Sexism drives the gender pay gap, which is higher than the national average tech forms in both the UK and the US. Women in tech earn less than their male counterparts, and the gap is even larger for women of colour. This is not only unfair and unjust, but also demotivating and discouraging for women who want to pursue a career in tech.

Stereotypes and biases limit women’s potential and opportunities

A third challenge that women encounter in tech companies is the stereotypes and biases that limit their potential and opportunities. Many women face implicit and explicit biases that question their competence, credibility, and confidence in tech roles. For example, women are often assumed to be less skilled, less interested, or less committed to technology than men. Women are also often subjected to higher standards, lower expectations, or lower rewards than men for the same work. Paul Diamond, People and Career Consultant, Keep Consulting Ltd notes: “I’ve seen plenty of instances of where women leaders know what needs to be done, they know what they want to do but they question themselves and someone/something else moves in their place.

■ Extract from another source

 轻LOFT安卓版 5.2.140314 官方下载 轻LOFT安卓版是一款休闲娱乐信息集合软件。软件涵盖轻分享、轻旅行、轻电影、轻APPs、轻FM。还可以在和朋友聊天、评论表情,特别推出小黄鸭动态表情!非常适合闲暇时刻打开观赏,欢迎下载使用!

I’m not arguing for the absence of doubt but if a cycle like this keeps happening, you have to learn from it and change your behaviour in the future, otherwise it will just keep happening again and again.”

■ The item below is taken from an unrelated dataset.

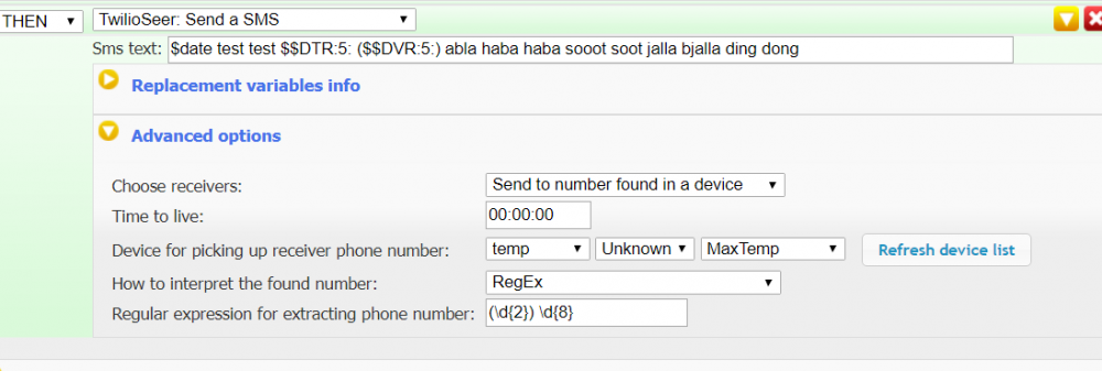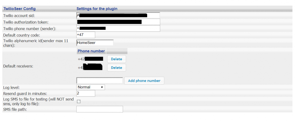 Dette er en plugin for å kunne sende sms ved hjelp av BulkSMS, Twilio eller BudgetSMS. https://www.bulksms.com/ https://www.budgetsms.net/ https://www.twilio.com/ Link til nedlastning HSPI_TwilioSeer_V_1.2.1.2 Personlig så anbefaler jeg ikke Twilio mer. BudgetSMS er billigst, men litt mer klønete betaling (betale via bank eller bitcoin). Det står at de støtter PayPal, men jeg har ikke skjønt hvordan man får gjort dette. I event 2019-04-27: Nå også med muligheten til å hente inn telefonnummeret som det skal mottas fra i teksten på en annen enhet (device). Man kan plukke enhet. Velge om man skal ta teksten som As Is - som den er PlanyoFormat - eget format (47) 12345678 RegEx - Regulært uttrykk Config Nytt fra 2019-04-27 er at man kan velge å legge inn alphanumeric id som avsender. Man kan f.eks. ha HomeSeer som avsender. Krav til alphanumeric id: Max 11 tegn. Kun A-Z, a-z, 1-9 og <space>. Man kan ikke ha kun tall for å spoofe andre nummer Resend guard - beskytter deg mot å sende samme melding mer enn en gang over gitt periode. Her har jeg selv satt den til 2 minutter. Så hvis det kommer en eksakt lik melding til samme mottaker og den allerede er sendt for 2 minutter siden eller mindre så sendes ikke ny. Utført: Lagt til BudgetSMS som mulig sender Lagt til BulkSMS som mulig sender Kjente feil: Ved endring av provider/smsselskap i config så går det fort 20-60 sekunder fra du velger en ny provider til tekst etc er oppdatert og du kan begynne å lagre brukerinfo. Videre planer: Lage en ny plugin på grunnlag av TwilioSeer som skal støtte flere leverandører Kunne overstyre default receivers når man legger inn event. Kunne sette en levetid på sms slik at hvis den ikke blir sendt på første forsøk så prøves inntil sms blir sendt eller angitt levetid er over. Jeg er åpen for innspill hvis noen ser noen mangler. 1.2.1.2 - Fikset problem med retry logikk som ikke hang helt på greip. Førte til at meldinger ble hengende uten å bli sendt. 1.2.1.0 - Fikset problemet med at valg av sms leverandør tok lang tid. Fra man valgte i dropdown til det oppdaterte seg tok fort 30 sekunder. 1.2.0.2 - Fjernet noen debug-meldinger (Console.Write) 1.2.0.1 - Fikset feil innhenting av brukernavn ved bruk av BulkSMS

The stereotypes and biases that affect women in tech also influence their access to education, funding, networking, mentoring, and career advancement. For instance, women are underrepresented in STEM fields at all levels of education, from primary school to university. Women receive less venture capital funding than men for their tech startups. Women also have fewer opportunities to network with other tech professionals, mentors, or sponsors who can help them grow their skills, visibility, and influence. As Dr. Elena Liquete, University of Bath says, “there is an unsubstantiated belief in society that men are better with tech. Whilst there isn’t a scrap of evidence to support that view, it persists, limiting opportunities for women and fostering a less diverse and more biased technology sector. Every one of us, regardless of gender, has a duty to debunk that myth.”

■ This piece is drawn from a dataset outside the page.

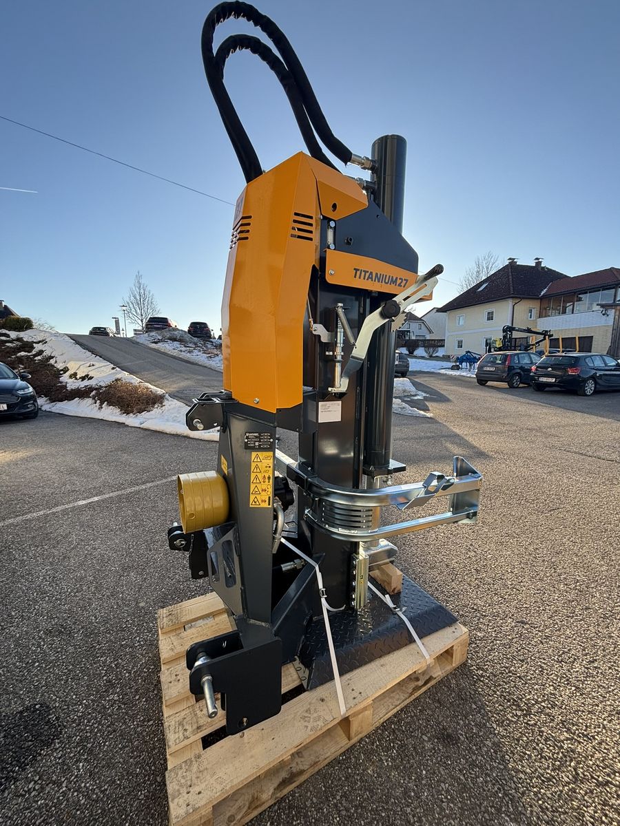 Der Holzspalter TITANIUM 27 mit einer Spaltkraft von 26 t ist der größte technologisch fortschrittliche und qualitativ hochwertige Holzspalter.

How we can change the status quo

AI can be unsafe or harmful for women and other marginalised groups if it is designed and developed by a male-dominated tech industry. This is why we need AI safe leadership, which means having leaders who are ethical, diverse, and strategic in their approach to AI. Ethical leaders who can align AI with human values and principles. Diverse leaders who can bring different perspectives and experiences into AI systems. Strategic leaders who can balance the risks and benefits of AI for society. One of the key steps towards AI safe leadership is to include and develop more women in tech companies. This means having effective human resources management and a culture of respect, inclusion, and collaboration for women in tech roles. By doing so, tech companies can improve their performance and reputation, as well as the quality and safety of AI.

I have worked with women in technology for a year and I have seen their challenges and achievements in this field. I have also seen how many women in tech groups are working hard to promote gender diversity and inclusion in the tech industry. However, there is still a lot to do before we can achieve gender equality in tech. We need more action from tech companies, governments, educators, media, and investors. We need more trust in women’s abilities and potential in tech.

We can trust AI if we trust AI leaders. And we can trust AI leaders if they are ethical, diverse, and strategic. AI advisor and Founder of Diverse AI, Toju Duke, put it this way: “AI safety is crucial not only to the success of AI development but to the protection of human lives which include their mental, psychological and emotional wellbeing.

“One of the issues facing AI today is its lack of safety guardrails and trustworthiness, which in part is due to the absence of gender diversity in thought, race, sexual orientation, ability – disability – and so on in the teams that develop these technologies,” she added. “In order to achieve safety for all, further economic growth and the success of any organisation working with AI systems, it’s imperative that the diversity numbers in tech and AI improve, otherwise we’re going to have a big problem on our hands.”

We can have ethical, diverse, and strategic leaders if we have more women in tech. Therefore, we need more women in tech for AI safety. HR leaders especially have a role to play in making the tech industry more welcoming and rewarding for women. By doing so, we can unleash the full potential of women in tech, and benefit from their creativity, talent, and impact.